Scholar analyzes responses to algorithms in journalism, criminal justice
Advanced algorithms shape and guide our every step in the online world. They are also increasingly penetrating everyday life as more sectors of society, from finance and health care to human resources and criminal justice, incorporate them into daily decision-making.
A polarizing debate is ongoing in response to these changes and little has been done to determine and track the effects of algorithmic tools in various professions, said Angèle Christin, assistant professor of communication at Stanford.
Proponents of algorithms say computer programs can fix the inefficiency and bias of humans. Critics point to the opacity of algorithms and argue that they are not necessarily neutral.
"Technology changes things, but perhaps not always as much as we think," Christin said. "Social context matters a lot in shaping the actual effects of the technological tools. … So, it's important to understand that connection between humans and machines."
In a research paper recently published in Big Data & Society, Christin found a gap between the intended and actual uses of algorithms in the fields of web journalism and criminal justice. In addition, workers in both areas developed similar strategies to minimize the impact of algorithms on their daily work, she said.
"Whereas managers and executives frequently emphasize how 'data-driven,' modern, and rational their organization is, the actual uses of algorithmic techniques in web newsrooms and criminal courts reveal a more complicated picture," Christin wrote in the paper.
Christin observed five newsrooms, three in Paris and two in New York, between 2011 and 2015. Since 2015, she has also been gathering information on four criminal courts, three in the United States and one in France. She interviewed reporters and editors as well as judges, defense attorneys, probation officers and others.
In spite of the many differences between the fields of web journalism and criminal justice, Christin found surprising similarities between newsrooms and courtrooms during her fieldwork.

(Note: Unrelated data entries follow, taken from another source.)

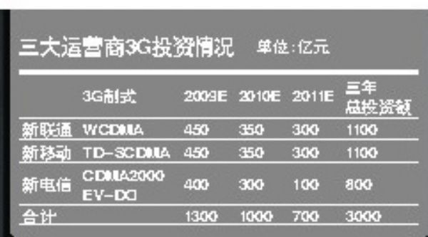 “運(yùn)營(yíng)商的重點(diǎn)將轉(zhuǎn)到全力以赴建設(shè)3G網(wǎng)絡(luò)上,而運(yùn)營(yíng)商未來(lái)5-10年的優(yōu)劣,將取決于3G時(shí)代的競(jìng)爭(zhēng)實(shí)力。因此此次建網(wǎng)策略,運(yùn)營(yíng)商很可能以時(shí)間短、質(zhì)量高為目標(biāo),絕不會(huì)拖拖拉拉,而是追求速成!敝行沤ㄍ额A(yù)測(cè),中國(guó)聯(lián)通、中國(guó)移動(dòng)和中國(guó)電信今后三年的3G投資分別為1300億元、1000億元和700億元,總投資額達(dá)3000億元。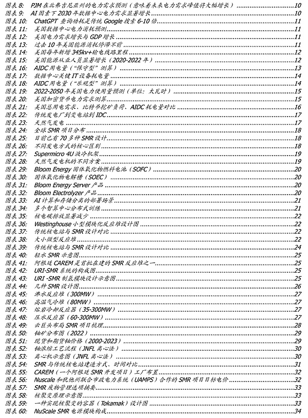 解决方案:短期 - 天然气,中期 -SMR 核电,远期 - 可控核聚变。AI 的崛起正在将资源竞争引向算力 能源。在 AI 驱动的数字世界中,算力是迭代和创新的基础,而能源则是支撑这些算力运转的关键。短期内,天然气结合燃料电池为数据中心提供灵活且高效的发电方案,满足当前快速扩张的需求。中期来看,小型模块化反应堆(SMR)因其稳定性和适应分布式部署的特性,成为应对数据中心功率瓶颈的关键路径。远期而言,可控核聚变有望彻底突破能源供给限制,为未来的算力生态提供无限、清洁的动力支持。在这一进程中,从能源技术的持续创新到算力生态的高效协同,不仅推动了 AI 技术的飞跃,也重塑了能源与计算深度融合的未来格局。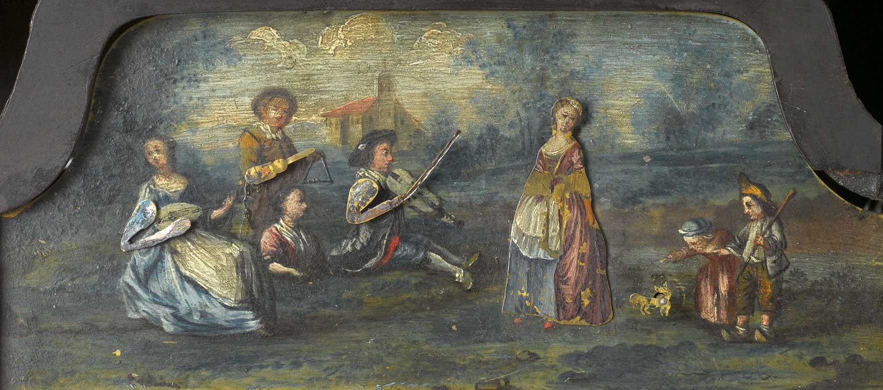 Zdjęcie ukazuje fragment malowidła. Jest to scena sielska rozgrywająca się w pejzażu. Przedstawia dziewczęta i chłopców grających na instrumentach muzycznych. W tle kościół. Jest to fragment dekoracji zegara z Sypialni Królewskiej (scena tańca), z kolekcji Muzeum Pałacu Króla Jana III w Wilanowie.

In web journalism, real-time analytics software programs, such as Chartbeat, are used to measure the number of visitors to each article, the average time spent by readers on each piece and the number of likes and shares it gets on social media platforms.

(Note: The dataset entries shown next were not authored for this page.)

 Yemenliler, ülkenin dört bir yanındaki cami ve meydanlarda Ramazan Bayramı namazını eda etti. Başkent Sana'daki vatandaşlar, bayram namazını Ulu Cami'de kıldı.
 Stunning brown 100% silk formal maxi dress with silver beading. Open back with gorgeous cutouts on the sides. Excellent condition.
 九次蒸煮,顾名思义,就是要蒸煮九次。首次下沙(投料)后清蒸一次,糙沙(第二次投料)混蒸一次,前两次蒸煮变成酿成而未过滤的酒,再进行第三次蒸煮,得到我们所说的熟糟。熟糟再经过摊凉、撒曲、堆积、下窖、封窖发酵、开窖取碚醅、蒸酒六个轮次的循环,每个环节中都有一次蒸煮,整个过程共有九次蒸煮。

These programs purport to revolutionize journalists' content strategies by providing this detailed data about their audience. Editorial managers order the programs installed on every employee's computer and encourage staff writers to track traffic on their stories.

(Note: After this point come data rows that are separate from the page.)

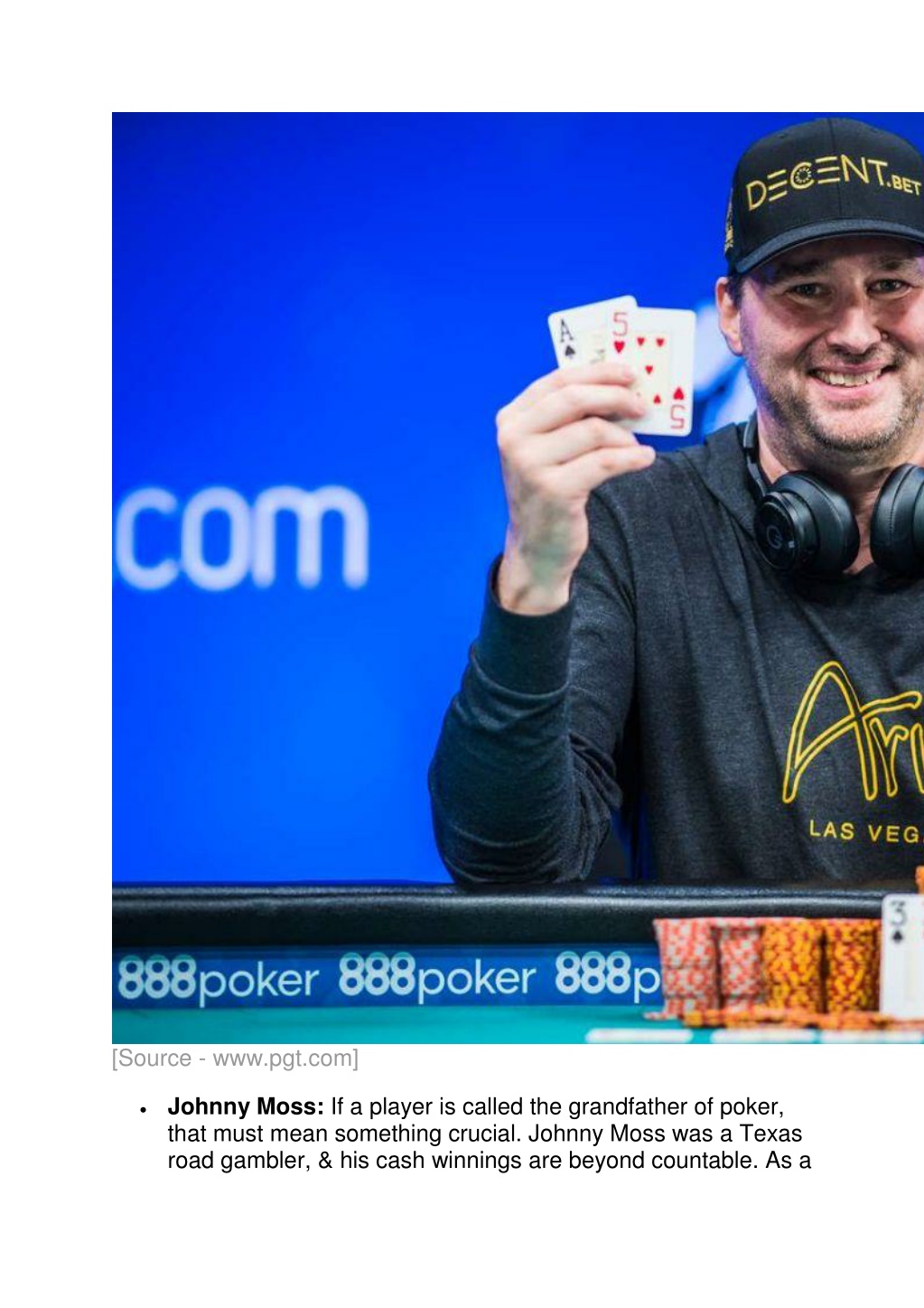 [Source - www.pgt.com] Johnny Moss: If a player is called the grandfather of poker, that must mean something crucial. Johnny Moss was a Texas road gambler, & his cash winnings are beyond countable. As a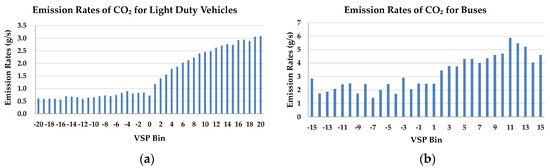 Emission rates of CO2 in each VSP bin: (a) Light duty vehicles; (b) Buses.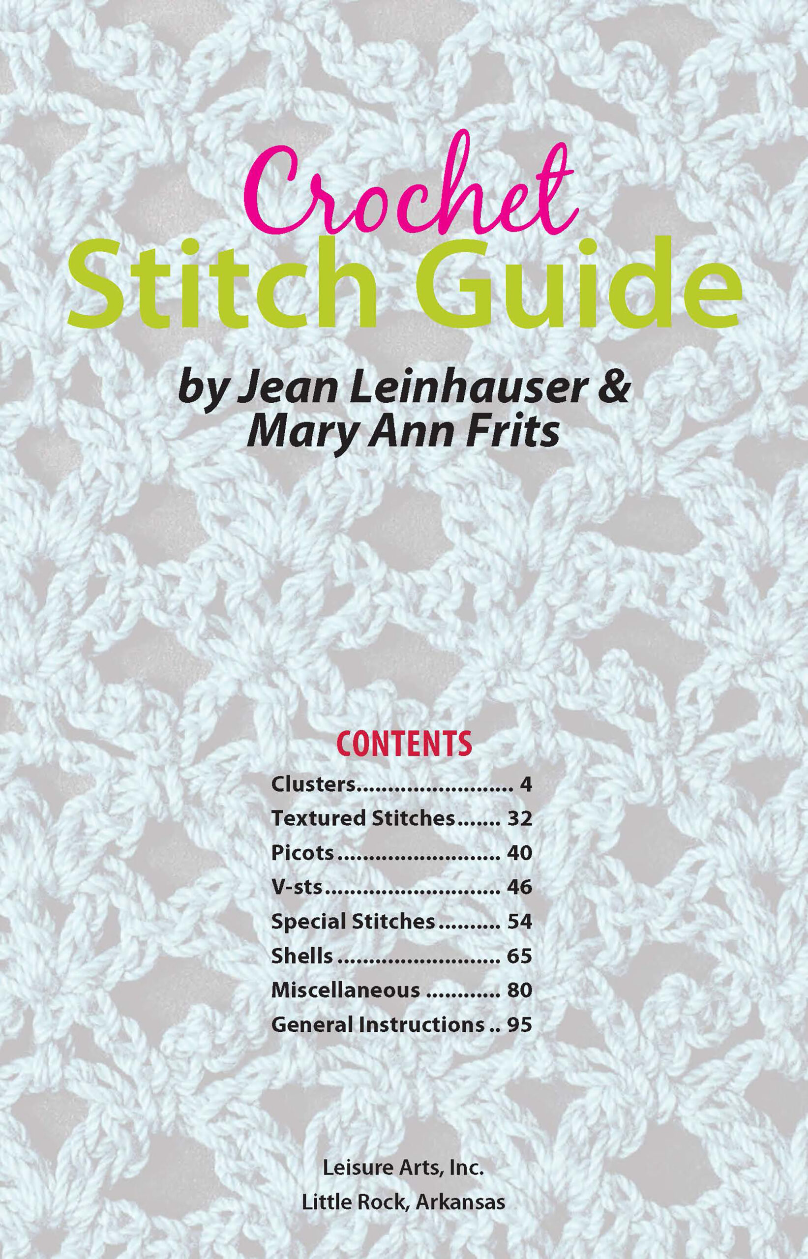 Crochet Stitch Guide- A comprehensive stitch sample guide that is easy to carry along in the project bag. Includes a wide variety of interesting stitches for all skill levels, from beginner to advanced. Contains 86 stitch patterns, in 7 categories: clusters, textured stitches, picots, v-stitches, special stitches, shells, and miscellaneous. Plus a go-to guide for abbreviations and crochet terminology. Designs include: cluster crosses, butterflies, ridged chevron, picket posts, popcorn delight, v-stitches, Spanish fans, switches posts, patches and more. 96 pages, softcover pocket size.

But in some of the newsrooms she studied, staff writers and employees did not use these programs and some actively avoided them on principle, Christin said.
"I have access to something that shows all those stats," one writer told Christin. "I don't go there and obsessively look at the stats. I find it kind of stressful and I try not to get too wrapped up in that."
In criminal justice, a similar discrepancy exists. A lot of courts now use various predictive risk-assessment tools that rely on defendants' criminal history, socio-demographics and other variables to estimate an offender's risk of reoffending or failure to appear in court when on bail.
These algorithmic programs were often introduced as a result of a growing awareness that racial bias exists at every step of the criminal justice process in the United States, Christin said. The supporters of these tools believe they can reduce overcrowding in jails by reliably identifying low-risk offenders who could be released.
But many judges and prosecutors do not use those analytics, Christin said. Because some of these tools are created by for-profit companies, many employees in criminal justice question their reliability.
"I'd prefer to look at actual behaviors," one former prosecutor told Christin. "With these tools the output is only as good as the input. And the input is controversial."
Algorithms in perspective
The question of algorithms' reliability hits at the core of today's debate about them. Algorithms are inherently opaque; the code they're written in is often proprietary and difficult to understand.
Some experts propose algorithmic audits that would test the system periodically. Others say a governmental agency should be created with some oversight power, Christin said.
These solutions may address some of the issues relating to algorithmic opacity, but not all, she said.
"The problem of transparency is a real one, and I think there is no clear way to make algorithms completely transparent for now," Christin said.
But further qualitative research can help people understand how algorithms fit in the social system and how they can make sense of them, Christin said. In addition to conducting research on the uses and practices associated with algorithmic systems, humanists and social science scholars should encourage those who make algorithms to critically analyze them.
"People who design these tools do not always follow closely how they are being used in specific organizations," Christin said. "Sometimes people use technology in ways you want them, but sometimes they use it differently."
Aa part of that effort, Christin, who joined Stanford last year, taught a new class, The Politics of Algorithms, in spring quarter.
"It was one of the most rewarding things to me – to be able to talk to the students who often design algorithms and who will be working in Silicon Valley, and discuss the potential pitfalls and how we can address them," Christin said. "I learned just as much from them as they did from me."